From Data to Insights: LLMs for Financial Narration

Date:

Date/Time: Wednesday, 19 November 2025, 5:00-6:00pm

Venue: Seminar Room 21 (COM3-02-60), National University of Singapore

Abstract

How can we bridge the gap between raw data and actionable insights using language models? This talk examines data narration in financial domains, where converting market data into analytical narratives remains a significant challenge. Yajing will first present DATATALES [1], a financial benchmark revealing that current LLMs fall short in performing the complex analysis required for professional financial reporting. She then introduces KAHAN [2], a novel framework that treats LLMs as financial domain experts, employing knowledge-augmented hierarchical reasoning to generate comprehensive market narratives.
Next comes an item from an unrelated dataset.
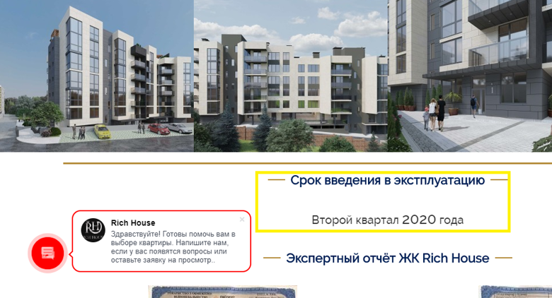 Скриншот сайта ЖК Rich House, сделанный в феврале 2019 года

Attendees will learn about the unique challenges in financial NLP and discover how systematic knowledge integration and multi-level analysis can unlock LLMs’ potential for specialized analytical tasks.

References

[1] DATATALES: A Benchmark for Real-World Intelligent Data Narration. Yajing Yang, Qian Liu, Min-Yen Kan. EMNLP 2024. https://aclanthology.org/2024.emnlp-main.601/

[2] KAHAN: Knowledge-Augmented Hierarchical Analysis and Narration for Financial Data Narration. Yajing Yang, Tony Deng, Min-Yen Kan. EMNLP Findings 2025. https://aclanthology.org/2025.findings-emnlp.1405/

Bio

Yajing Yang is a PhD candidate under the supervision of Prof. Min-Yen Kan at the School of Computing, National University of Singapore, while working as a senior data scientist at Rio Tinto. Her research centers on data-to-text generation with a particular emphasis on financial NLP applications. She investigates how large language models can be enhanced to perform sophisticated analytical reasoning over structured financial data, incorporating domain expertise and hierarchical thinking to produce narratives that support investment decision-making. Her work addresses both theoretical challenges in financial text generation and practical deployment considerations for industry applications.